## Working with Form Division Tables in KF Modified (Part 4)

This is the fourth in a series of posts about using the form division tables in **KF Modified**. Part 3 is located here.

I hope you had a chance to work on the exercises posted in Part 3. Here are the answers for those exercises.

KF8950 |
Table VI |

KF1629.S8 |
Table VII |

KF841-850 |
Table II |

KF501-505 |
no table use G.D. |

KF7701-7710 |
Table II |

In this post we’ll take a look at **Table V** for classification numbers with 2 numbers. This will set us up to consider the remaining titles for class numbers with 5, 10, and 20 numbers.

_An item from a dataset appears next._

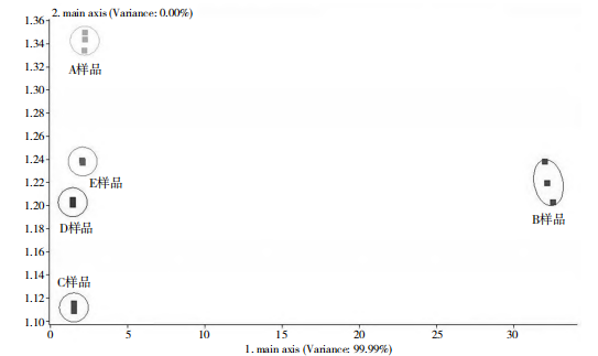 利用電子鼻對5種不同果味膠原蛋白肽固體飲料的揮發性成分進行測定后,將采集得到的數據進行主成分分析,分析結果如圖4所示。第1和第2主成分的累積貢獻率達到99.99%,說明電子鼻對其揮發性成分表現出較高的識別度和靈敏度。總體看,各樣品的揮發性成分有各自的分布位置,基本沒有重合,說明電子鼻對于5種樣品氣味的區分度總體較好,所有樣品的風味相對獨立,原因可能是因為不同果味膠原蛋白肽固體飲料的配方組成存在一定差異,所以在不同果味膠原蛋白肽固體飲料形成的揮發性成分亦有所不同。C、D和E樣品在第1主成分上的相距較近,但在第2主成分上能完全區分開,說明草莓味和蔓越莓味的膠原蛋白肽固體飲料的氣味上略有相似,而B樣品在第1主成分上與其他樣品相聚甚遠,說明柳橙味的膠原蛋白肽固體飲料氣味與其他樣品差異最為明顯。根據感官結果發現A樣品在氣味上主要呈現腥味,B樣品為柳橙味的膠原蛋白肽固體飲料與A樣品在氣味上相差甚遠,從電子鼻分析結果得出,柳橙味的果粉相比較蔓越莓和草莓味的果粉的掩腥效果更好。

**Table V** begins on page **F20** of the **KF Modified** schedule. If you compare this to **Table VI** you will see some familiar form divisions listed there:

- Bibliography;
- Periodicals;
- Looseleaf services;
- Form books;
- Dictionaries;
- Congresses;
- Treatises;
- etc.

The difference here is that these form divisions are now spread across a 2 number range. For example, the form division for **Periodicals** is found at **1.A15** and **Congresses** is at **2.A5**.

So let’s look at an example.

Here’s an Ontario Bar Association CLE title from March of this year:

This is a collection of papers dealing with construction liens, which is referred to in the Library of Congress Subject Headings and Classification scheme as ‘**mechanics’ liens**’ for the purposes of classifcation.

In **KF Modified** this is found under **Contracts** at **KF899-900**:

We know from last time that collections of CLE papers are put into the form division for ‘**Congresses. Symposia. Collected papers, addresses, and essays**’ which in **Table V** is **2.A5**.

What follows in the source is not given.